Prime Minister Benjamin Netanyahu on Tuesday acknowledged the Israel Air Force operates in Syria “from time to time” to thwart weapons transfers to Lebanon.

Speaking at the Galilee Conference in Acre, the prime minister praised the Israeli-Russian coordination in Syria, echoing comments from his defense minister in recent days.

“We operate in Syria from time to time to prevent it turning into another front against us.
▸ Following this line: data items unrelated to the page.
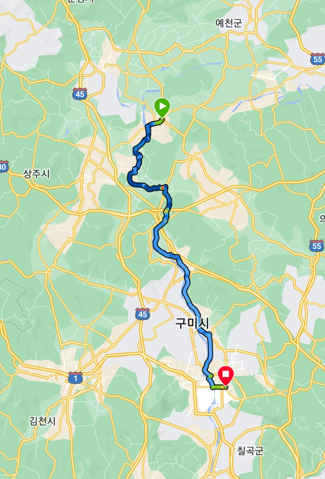 산호대교와 구미대교를 건너서 구미 시내에 도착했다.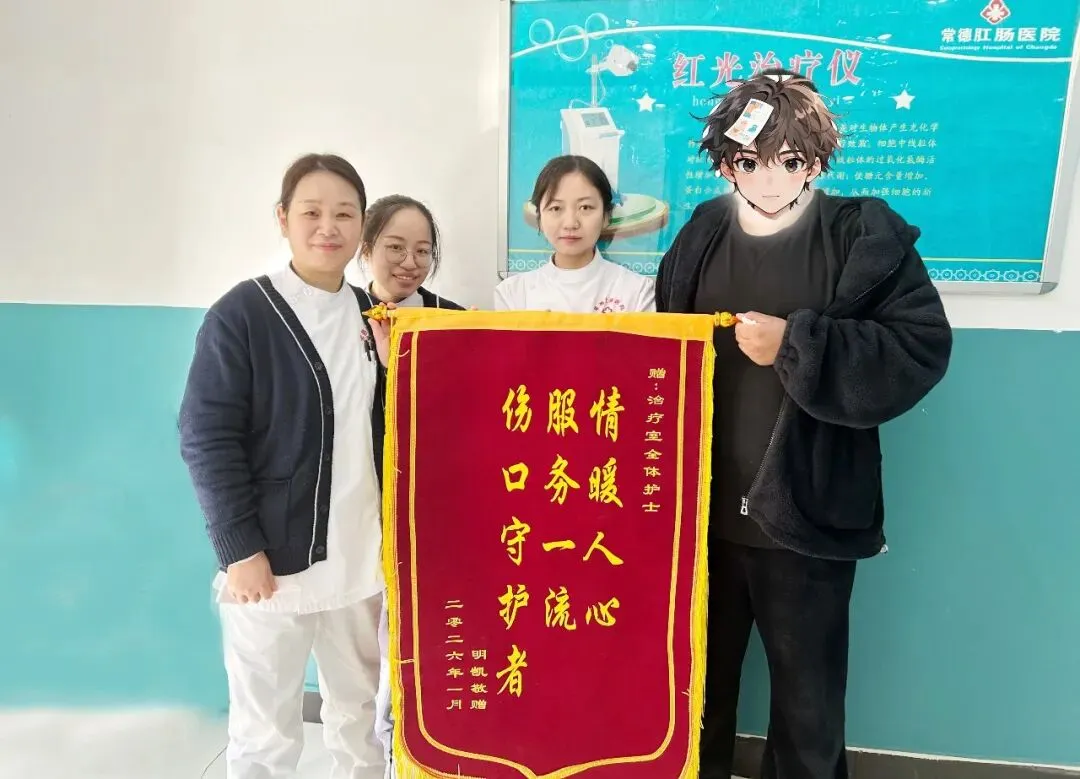 2026年1月9日,常德友好肛肠医院治疗室里,一面鲜红的锦旗让冬日的氛围多了几分暖意。患者明先生专程带着印着“情暖人心、服务一流、伤口守护者”的锦旗而来,郑重地交到治疗室三位护士手中,尤其对着组长杨红云说:“多亏了你换药时陪我唠嗑,不然我这心里得一直揪着。”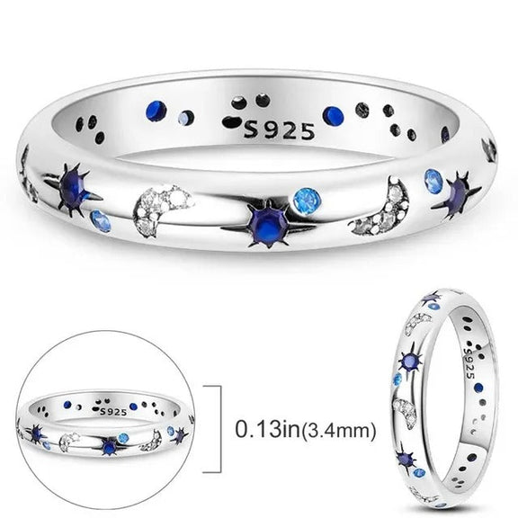Embrace the cosmos with the Sterling Silver Moon and Stars Celestial CZ Ring, a stunning piece th... Read moreEmbrace the cosmos with the Sterling Silver Moon and Stars Celestial CZ Ring, a stunning piece that combines exquisite design with the timeless appeal of sterling silver. This enchanting ring features delicate celestial motifs, making it a perfect choice for both everyday wear and special occasions. Crafted from high-quality sterling silver, it radiates elegance and charm, ensuring that it stands out in any jewelry collection. The shimmering cubic zirconia stones add a touch of sparkle, enhancing the ring's unique aesthetic. With its versatile design, this ring makes an ideal gift for birthdays, anniversaries, or simply to treat yourself. Explore our collection to find complementary pieces such as the Sterling Silver Moon and Stars Ring with zaricon, the Sterling Silver Stars and Zircom double Ring, and the Sterling Silver Moon and Star zircom Open Ring. Enjoy Free Shipping on all orders and elevate your jewelry collection with this celestial-inspired ring!Couldn't load pickup availability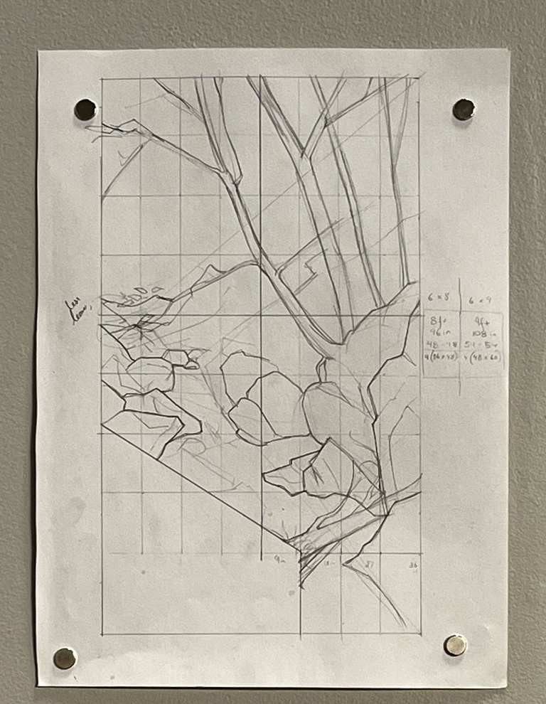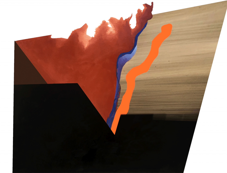 The revelation for me during this residency was learning how rocks are a dynamic and integral part of interconnected ecosystems. The processes these scientists are studying are geologic time in action. In response, I made a series of paintings–one of which is included in this exhibition–making visible the relationship between the hydrology and topography of the forest, which impacts water flow; the process of water weathering bedrock; and the structure/composition of the rocks themselves. I incorporated Jenny’s thin sections of weathering bedrock, topographic maps, and crystal patterns in the rocks.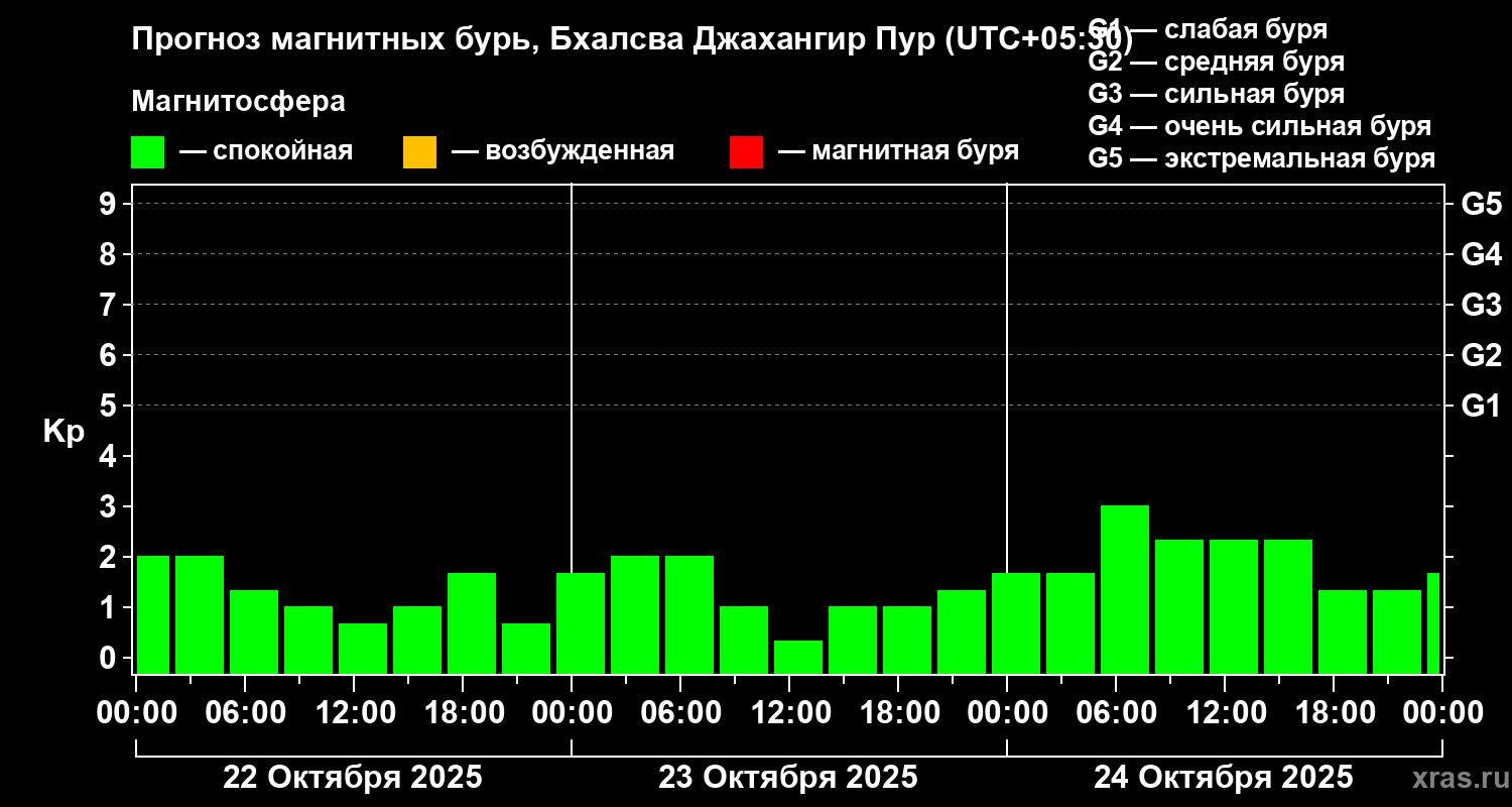 Прогноз магнитных бурь в Бхалсва Джахангир Пуре — 22 октября 2025 года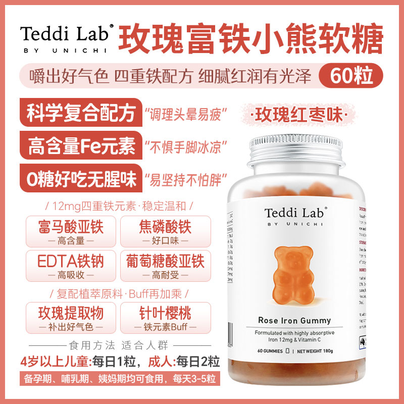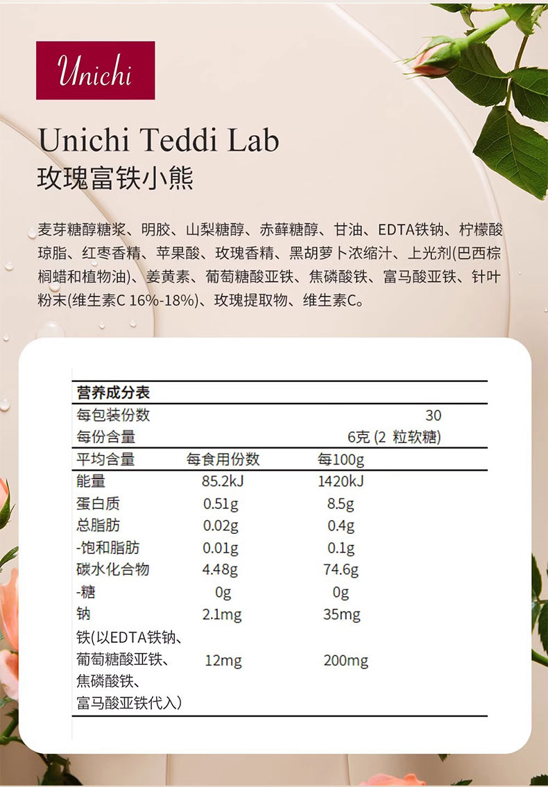 Unichi 新品✨玫瑰富鐵小熊軟糖60粒🌹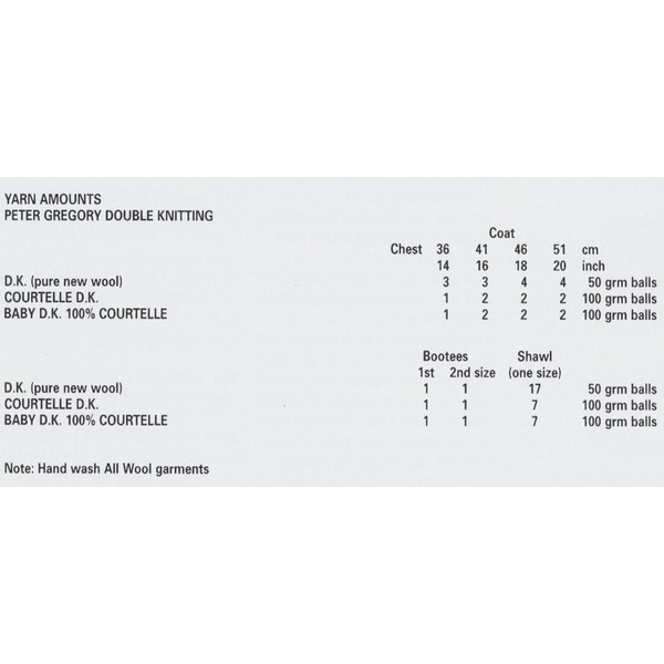 • This baby double knitting pattern leaflet 675 by Peter Gregory will guide you in creating a shawl, coat and bootees. The coat and shawl are knitted in the same design and you can make a pair of bootees to match.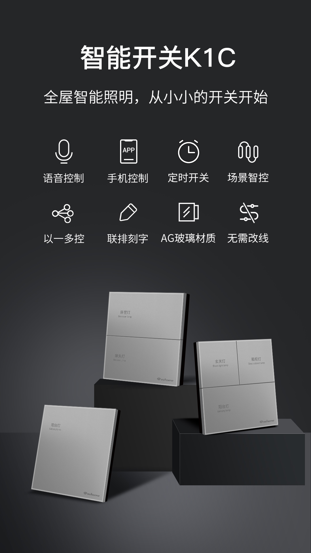 開關燈無需來回跑,普通燈具變智能,智匯云K1C系列智能開關打破了傳統(tǒng)開關的限制,進一步豐富全屋智能智能生活。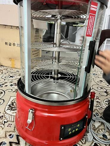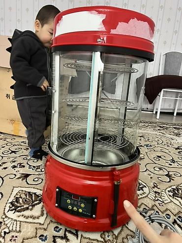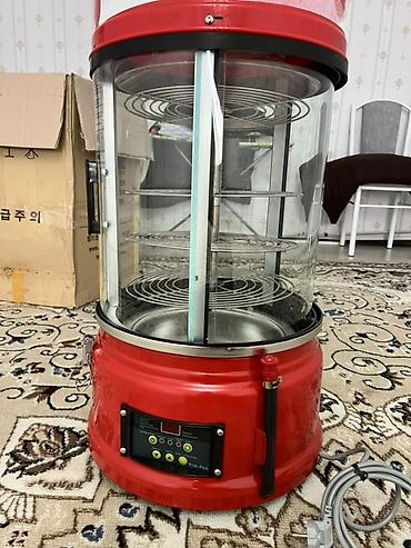 - Внутри: вертикальный вал с несколькими съёмными металлическими решётками-полками для укладки изделий.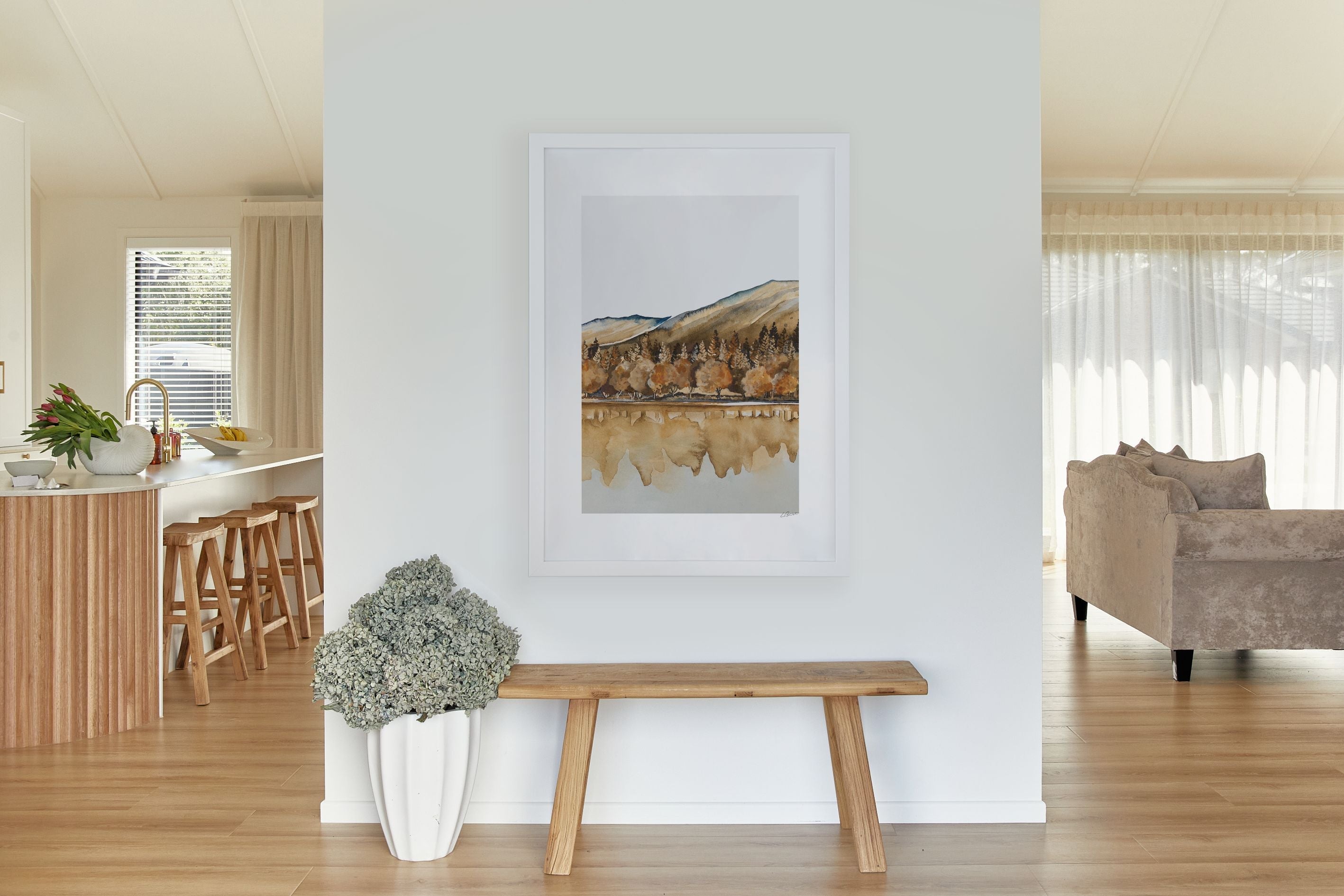 Our Ashburton Lake III is an ode to some of our most incredible mountains and landscapes. Gentle palettes and soft defining shapes, captured through watercolour.

We act, of course, to prevent the transfer of deadly weaponry from Syria to Lebanon,” Netanyahu said.

Israeli airstrikes in Syria have been widely reported over the last nearly-five years of the country’s civil war, though officials have refused to confirm them on the record.

Defense Minister Moshe Ya'alon on the Golan Heights, northern Israel, June 30, 2015, looking toward Syria. (Eden Moladavski/Ministry of Defense)
Defense Minister Moshe Ya’alon on the Golan Heights, northern Israel, June 30, 2015, looking toward Syria. (Eden Moladavski/Ministry of Defense)

The official acknowledgement of the Israeli strikes in Syria was not a first for the prime minister, who said on November 10 that “if Hezbollah wants to transfer weapons through Syria, we’ll take action, as we have.”

On Monday, Defense Minister Moshe Ya’alon said Israel was “keeping an eye out” for the possibility that Hezbollah has attained chemical weapons in Syria.

Ya’alon was responding to unconfirmed reports that Israel has struck sites in Syria five times in recent weeks, despite the presence of a new Russian missile defense system in the country.

Netanyahu also noted Israel is taking special care to prevent friendly-fire incidents with US-led coalition forces or Russian military units operating in the war-ravaged country.

“I hope Israel and Russia see eye-to-eye on the strategic issues and I want to promise you that we can achieve very good land and air coordination,” he said.

This photo released by the Syrian official news agency SANA, shows a general view of damaged buildings wrecked by an Israeli airstrike, in Damascus, Syria, Sunday, May 5, 2013. Israeli warplanes struck areas in and around the Syrian capital, as they targeted a shipment of highly accurate, Iranian-made guided missiles believed to be on their way to Lebanon's Hezbollah. (Photo credit: AP/SANA)
This photo released by the Syrian official news agency SANA, shows a general view of damaged buildings wrecked by an Israeli airstrike, in Damascus, Syria, Sunday, May 5, 2013. Israeli warplanes struck areas in and around the Syrian capital, as they targeted a shipment of highly accurate, Iranian-made guided missiles believed to be on their way to Lebanon’s Hezbollah. (Photo credit: AP/SANA)

Netanyahu said he was “very pleased” by the “caution” taken by both armies thus far. “I think this is an indication of openness and of the success of ties between Israel and Russia.”

Ya’alon on Monday insisted that the Russians were aware of what actions in Syria would invite Israeli response and were committed to allowing Israel to take action as necessary.

“We are acting in accordance with needs,” Ya’alon said. “Anyone who infringes on our sovereignty — we act against them. Anyone who attempts to transfer advanced weaponry to terrorist organization, with an emphasis on Hezbollah — we will not allow it.

“We are, of course, keeping an eye out for the possibility that someone has gotten their hands on chemical weapons,” he added.